The first tram in South America opened in 1858 in Santiago, Chile. The first trams in Australia opened in 1860 in Sydney. Africa's first tram service started in Alexandria on 8 January 1863. The first trams in Asia opened in 1869 in Batavia, Netherlands East Indies.
Limitations of horsecars included the fact that any given animal could only work so many hours on a given day, had to be housed, groomed, fed and cared for day in and day out, and produced prodigious amounts of manure, which the streetcar company was charged with storing and then disposing. Since a typical horse pulled a streetcar for about a dozen miles a day and worked for four or five hours, many systems needed ten or more horses in stable for each horsecar. In 1905 the British newspaper Newcastle Daily Chronicle reported that, "A large number of London's discarded horse tramcars have been sent to Lincolnshire where they are used as sleeping rooms for potato pickers".
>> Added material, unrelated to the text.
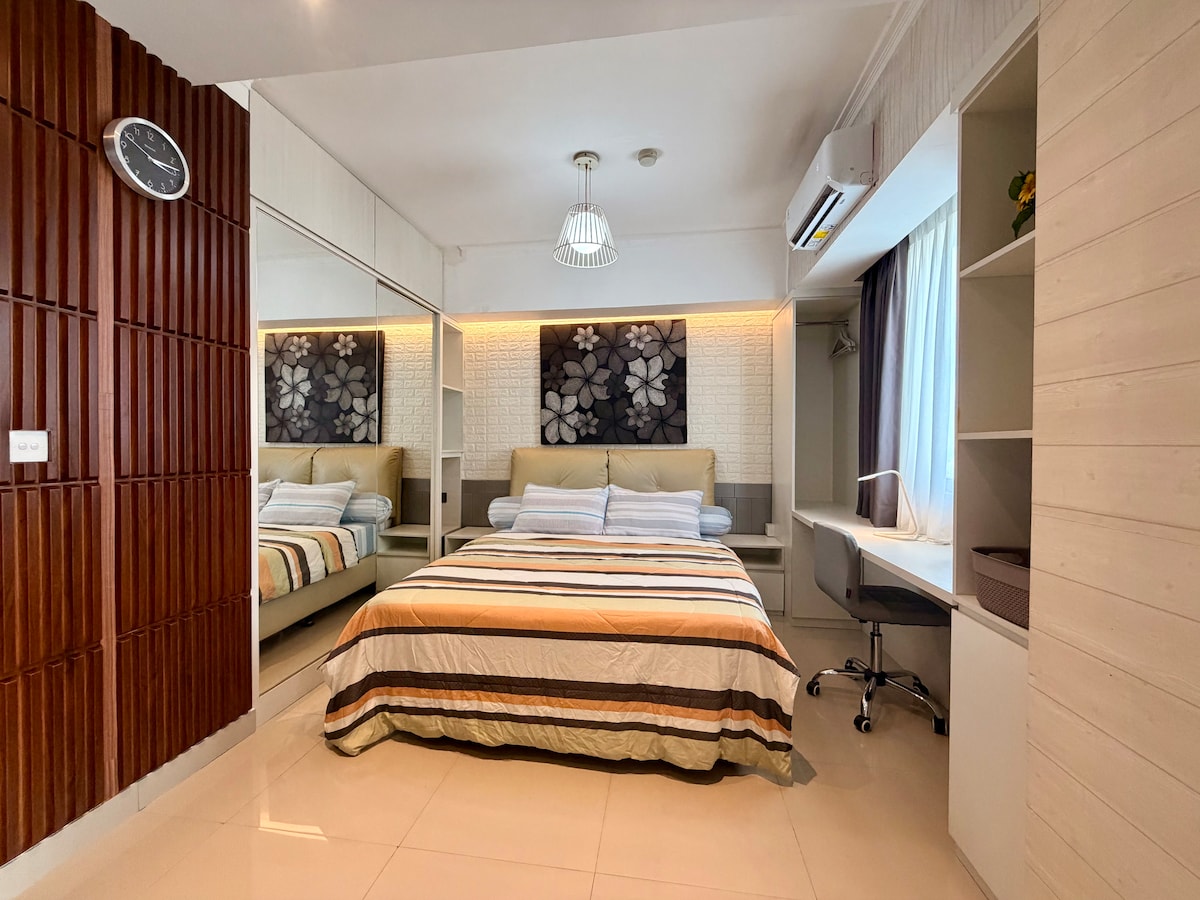 In de buurt van JIEXPO en JIS, onze studio in Maplepark appartement biedt modern comfort, snel internet en Netflix. De open indeling is voorzien van strakke meubels, veel natuurlijk licht en naadloos werkende en slaapruimtes. De goed uitgeruste kitchenette en het zachte slaapgedeelte zorgen voor comfort en functionaliteit. Met gemakkelijke toegang tot je evenementen en een eigen balkon met uitzicht op het zwembad, combineert deze studio stedelijke verfijning met gezellige charme, waardoor het de perfecte woning in het hart van Jakarta is.

Horses continued to be used for light shunting well into the 20th century, and many large metropolitan lines lasted into the early 20th century. New York City had a regular horsecar service on the Bleecker Street Line until its closure in 1917. Pittsburgh, Pennsylvania, had its Sarah Street line drawn by horses until 1923. The last regular mule-drawn cars in the US ran in Sulphur Rock, Arkansas, until 1926 and were commemorated by a U.S. postage stamp issued in 1983. The last mule tram service in Mexico City ended in 1932, and a mule tram in Celaya, Mexico, survived until 1954. The last horse-drawn tram to be withdrawn from public service in the UK took passengers from Fintona railway station to Fintona Junction one mile away on the main Omagh to Enniskillen railway in Northern Ireland. The tram made its last journey on 30 September 1957 when the Omagh to Enniskillen line closed. The "van" is preserved at the Ulster Transport Museum.
Horse-drawn trams still operate on the 1876-built Douglas Bay Horse Tramway on the Isle of Man, and at the 1894-built horse tram at Victor Harbor in South Australia. New horse-drawn systems have been established at the Hokkaido Museum in Japan and also in Disneyland. A horse-tram route in Polish gmina Mrozy, first built in 1902, was reopened in 2012.
Steam
The first mechanical trams were powered by steam. Generally, there were two types of steam tram. The first and most common had a small steam locomotive at the head of a line of one or more carriages, similar to a small train. Systems with such steam trams included Christchurch, New Zealand; Sydney, Australia; other city systems in New South Wales; Munich, Germany, British India and the Dublin & Blessington Steam Tramway in Ireland. Steam tramways also were used on the suburban tramway lines around Milan and Padua; the last Gamba de Legn tramway ran on the Milan-Magenta-Castano Primo route in late 1957.The other style of steam tram had the steam engine in the body of the tram, referred to as a tram engine or steam dummy. The most notable system to adopt such trams was in Paris. French-designed steam trams also operated in Rockhampton, in the Australian state of Queensland between 1909 and 1939. Stockholm, Sweden, had a steam tram line at the island of Södermalm between 1887 and 1901.
Tram engines usually had modifications to make them suitable for street running in residential areas. The wheels, and other moving parts of the machinery, were usually enclosed for safety reasons and to make the engines quieter. Measures were often taken to prevent the engines from emitting visible smoke or steam. Usually the engines used coke rather than coal as fuel to avoid emitting smoke; condensers or superheating were used to avoid emitting visible steam. A major drawback of this style of tram was the limited space for the engine, so that these trams were usually underpowered. Steam trams faded out around the 1890s to 1900s, being replaced by electric trams.